Harvey Putnam (January 5, 1793 – September 20, 1855) was an American lawyer and politician. He was a Whig member of the U.S. House of Representatives, and served in the New York Senate.

Early life
Putnam was born in Brattleboro, Windham County, Vermont, the youngest of nine children of Asa Putnam and Anna (Collins) Putnam. His father died while he was an infant, and he went with his mother to live with relatives in Williamstown, Massachusetts, and later with relatives in Cobleskill, New York.

He attended the common schools and studied law in Skaneateles, New York, supporting himself by teaching. In 1816, he was admitted to the bar and began the practice of law in Attica, New York in 1817.

Political career
He became involved in politics and held several offices in Attica, He was elected as a Whig to the 25th United States Congress, to fill the vacancy caused by the death of William Patterson, holding office from November 7, 1838, to March 3, 1839.

Putnam was appointed as Surrogate of Genesee County in 1840, an office he held until the division of the county.

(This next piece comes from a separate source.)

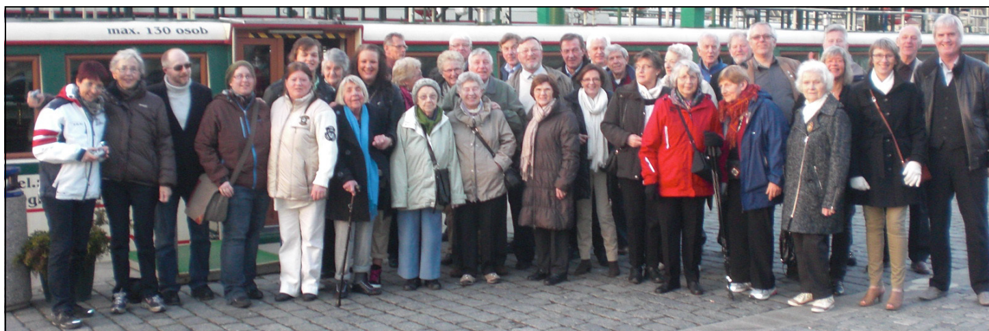
Fornøyde turdeltakere i Praha før vi går om bord på en båt for å delta på sightseeing/elvecruise på elven Moldau.

He was then appointed as Surrogate of Wyoming County, remaining in office until 1843.

He was a member of the New York State Senate (Eight District) from 1843 to 1846, sitting in the 66th, 67th, 68th and 69th Legislatures.

He was elected as a Whig to the 30th and 31st United States Congresses, holding office from March 4, 1847, to March 3, 1851. After leaving Congress, he resumed the practice of law.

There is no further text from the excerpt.